CEO Transitions: The Role of the Predecessor

There is no denying that the lingering shadow of the predecessor affects every freshly appointed CEO. In some cases, this is a legacy left behind by a beloved founder. In others it is the very real presence of a former chief executive who has left the office but not the building. Research published by RHR International indicates that 50% of previous CEOs stay involved with the company as a member of the board. On average, those who stayed as a director did so for eight months—three quarters of the first critical year of the transition process.

Will new leaders have an easier time transitioning without them, or is it healthier for former CEOs to stay on? Clear-cut answers to this conundrum are hard to find. There are times where a clean break is best and others where an overlap is valuable. Often, contractual agreements spell out the terms of departure. The ideal scenario would be if the outgoing and incoming leaders could sit down with the board and make a determination of the exit strategy based on the leaders’ respective skillsets, the organization’s business needs, and the chemistry between the two executives. But in reality, the CEO-select rarely has a say in the matter.

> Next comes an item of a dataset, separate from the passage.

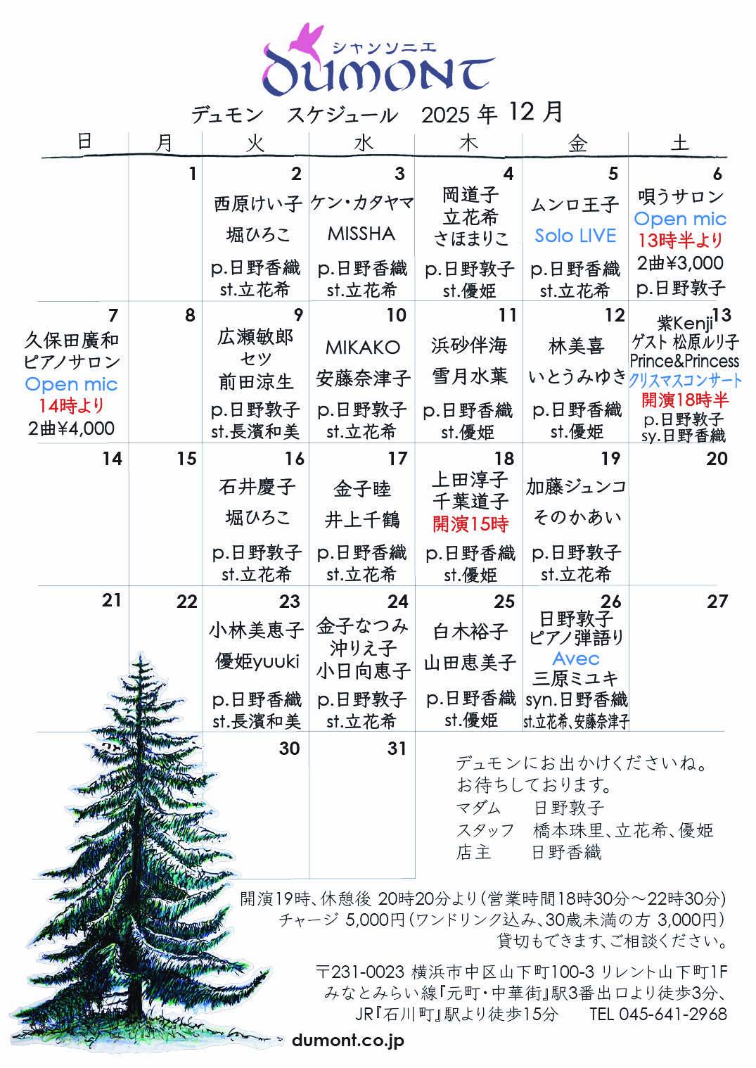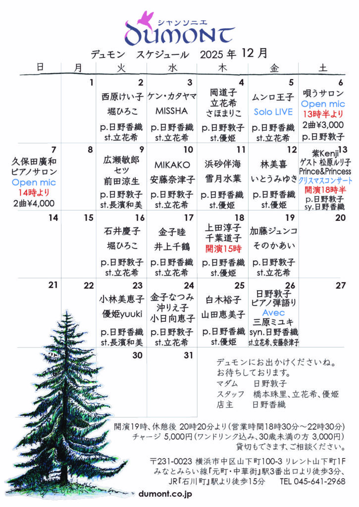 🎵12月のスケジュールです。
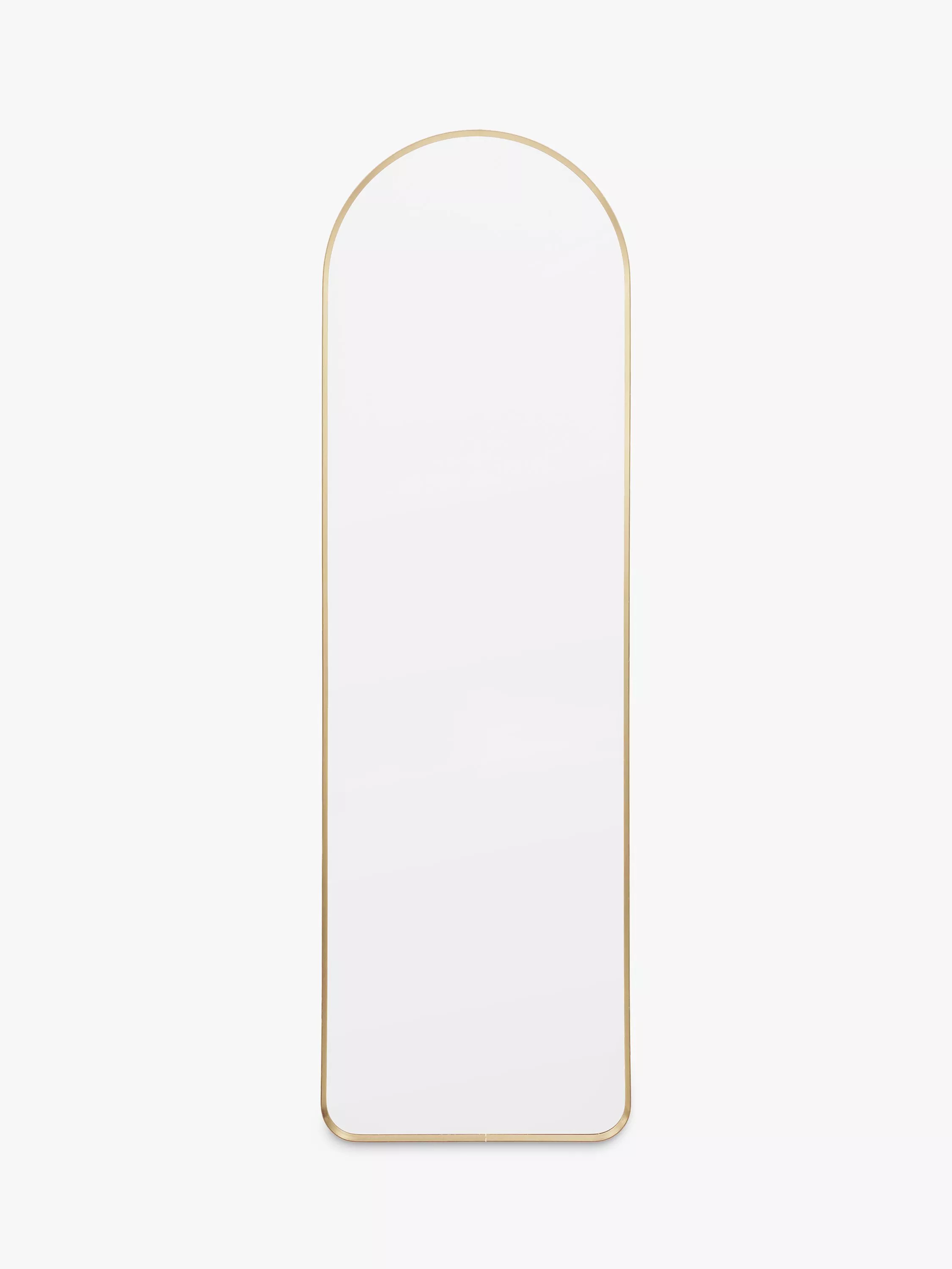 A captivating minimalistic full-length mirror designed to suit various interior styles. The thin metal frame is arched at the top, with rounded corners at the bottom.

According to our study, sitting chief executives’ perceptions of whether the previous officeholders were helpful or not during their transition into the role were almost evenly split, regardless of the planned departure dates.

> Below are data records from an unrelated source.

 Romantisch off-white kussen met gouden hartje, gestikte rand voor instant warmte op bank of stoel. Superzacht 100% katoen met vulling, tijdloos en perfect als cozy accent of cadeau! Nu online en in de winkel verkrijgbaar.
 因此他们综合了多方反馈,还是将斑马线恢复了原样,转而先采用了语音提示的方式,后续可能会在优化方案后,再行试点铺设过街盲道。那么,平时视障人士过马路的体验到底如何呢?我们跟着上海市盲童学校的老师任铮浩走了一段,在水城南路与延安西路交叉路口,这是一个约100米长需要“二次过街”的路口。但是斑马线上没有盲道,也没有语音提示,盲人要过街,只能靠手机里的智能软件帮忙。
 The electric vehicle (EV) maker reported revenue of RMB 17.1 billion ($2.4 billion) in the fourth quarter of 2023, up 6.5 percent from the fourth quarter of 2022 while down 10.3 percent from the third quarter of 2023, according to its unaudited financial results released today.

Even if he/she leaves immediately after the changeover, the exiting executive can provide valuable support prior to the exchange of power, especially to an internal successor. Our study cited examples such as seeking opportunities to connect the CEO-select with board members on a deeper level; introducing him/her to key external stakeholders; and showing visible support for (and confidence in) the new leader by thoughtfully shifting key decisions and accountabilities to them prior to the role change. Making decisions on poor performers (but leaving the selection of replacements to the incoming CEO) was also deemed very helpful.

Whether the prior CEO leaves immediately or remains on the board, the best practice is to literally and symbolically let go at the changeover, providing the new chief executive with the freedom and autonomy to lead as the singular source of authority.

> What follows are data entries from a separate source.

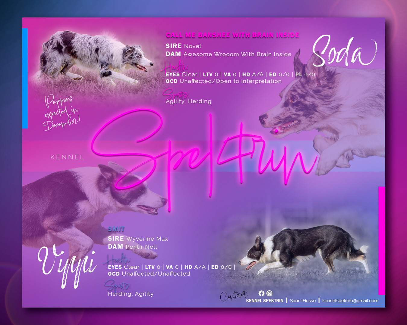 Pentue syntyi 13.12.2024. Synnytys sujui Sodalta hienosti täysin itsenäisesti, ja pentueeseen syntyi viisi tervettä pentua, joista kolme urosta sekä kaksi narttua. Synnytystä odoteltiin alkavaksi lähes viikon ajan.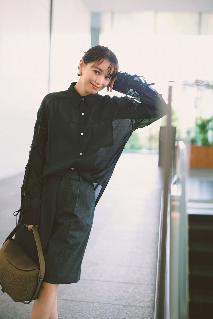 ハリのあるボクシーなシルエットが魅力のハーフパンツは、脚をほっそり見せてくれる効果が。膝上の丈も、黒ならカジュアルになりすぎず、上品な印象に仕上がります。トップスは長袖で露出のバランスを調整しつつ、ビッグシルエットのシアーシャツなら涼しげに。長袖でも軽やかで、コーデに奥行きをだしやすく、さらに着回し力も今っぽさも高い黒のシアーシャツは、今夏から秋中まで大活躍しそう。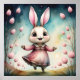 Happy bunny girl, fairytale, watercolor, enamel vibes, so cute as a Illustration for the wall of a children's room or as a spring decor. - Kate Eden Art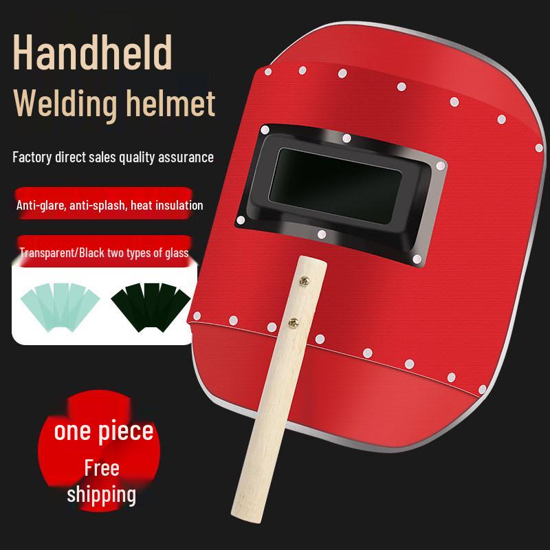Red Handheld Steel Welding Face Shield - Lightweight Anti-Scald Protection Mask for Arc Welding
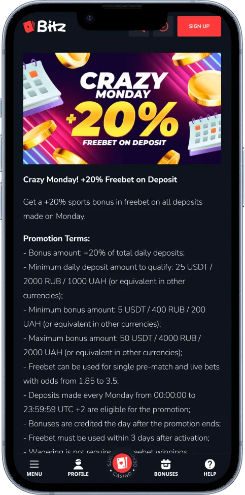 Every Monday, you can claim at least 20% up to 50 USDT in free bets on all deposits made. The minimum deposit amount is 25 USDT.

Warning indicators that the ex-CEO is not letting go include: a) being too involved in business and key decisions, b) exerting undue influence on the board behind the scenes, and c) allowing their opinions to the board to continue to outweigh those of the incumbent. These dangerous actions can impede the incoming CEO’s growth and development in the role and inhibit members of the board from building a trusting relationship with him/her.

Additional problems center on the new CEO's inheriting a senior team that identifies too closely with its old boss and his/her leadership style. This can cause confusion and make it difficult for the team to shift alliance to the new leader and his/her agenda, especially if the predecessor is sitting right down the hall. An incumbent may even face resistance from the ex-CEO while attempting to reshape the team to match the company’s current business needs.

All board members should be aware of these negative situations and take immediate action to neutralize them. If allowed to continue, this situation can cause contradictory communications, conflicting loyalties, and confusion as to who is in command. The final result is a new leader with limited effectiveness, severe damage to the organization, and a revolving door of successive CEOs.